After serving a brief period in command of U-7, an obsolete submarine assigned to  training duties, Hans-Günther Kuhlmann was ordered to Hamburg where he took command of the new, Type VIIC U-boat U-580. The Type VIIC was the most numerous of all submarine types built by any nation, with 568 examples put in Kriegsmarine service by the war's end. The Type VII was excellently suited to the type of submarine warfare developed and practiced by the Germans, although it was small compared to the submarines of other nations and did not have the range for extended operations like the larger Type IX boats.


Commissioning of U-580, July 24, 1941. In the front row of crew members (left) stand the boat's watch officers. Image courtesy the PAST Foundation and the D-Day Museum, New Orleans.


Officers of U-580 and their wives, 1941. Left to right: Leutnant Schmidt, Gertrude and Hans-Günther Kuhlmann, Engineering Officer Erwin Klein, and Ursula and Hans Traun. Behind them is camouflage netting used to hide the boat and dock facilities from enemy aircraft. Image courtesy the PAST Foundation and the D-Day Museum, New Orleans.
 


 
The bow of U-580 cuts through the Baltic during training exercises, Fall 1941. Even in a moderate sea, the main deck of a U-boat would be swept with tons of water every few seconds, making working on deck extremely dangerous. Despite using safety lines, many U-boat crewmen were lost at sea after being swept overboard. Image courtesy the PAST Foundation and the D-Day Museum, New Orleans.

 

Kuhlmann (l.) and other officers of U-580 with a snowman, late fall 1941. Image courtesy the PAST Foundation and the D-Day Museum, New Orleans.

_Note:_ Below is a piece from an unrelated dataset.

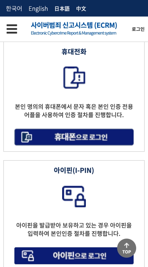 마지막 관문은 본인인증이에요. 인증 방식은 크게 두 가지, '휴대전화'와 '아이핀(I-PIN)'이 있어요. 저는 보통 간편한 휴대전화 인증을 이용하는 편이에요. 본인 명의의 휴대폰으로 인증번호를 받아서 입력하면 되니까요. 본인에게 편한 방법을 선택해서 인증을 마치면, 드디어 피해 내용을 작성하는 화면으로 넘어갈 수 있습니다.

U-580 was assigned to the 5th Training Flotilla at Kiel, where she underwent the usual routine of working-up exercises to prepare the boat and crew for combat duty. Near the end of her course, on November 11, 1941, U-580 collided with a target ship, Angelburg, in the Baltic Sea. The submarine sank, taking twelve crew members with her. Kuhlmann was assigned almost immediately to a new, larger Type IXC boat being completed at Bremen, and virtually the entire surviving crew of U-580 went with him. Their new boat: U-166.
 

A listing of the crew of U-580 at the time of the boat's fatal collision with a target ship during training. Crosses in the right-hand column marked the twelve men who died in the accident. Almost all the rest were transferred en masse to Kuhlmann's new boat, U-166. Image courtesy the PAST Foundation and the D-Day Museum, New Orleans.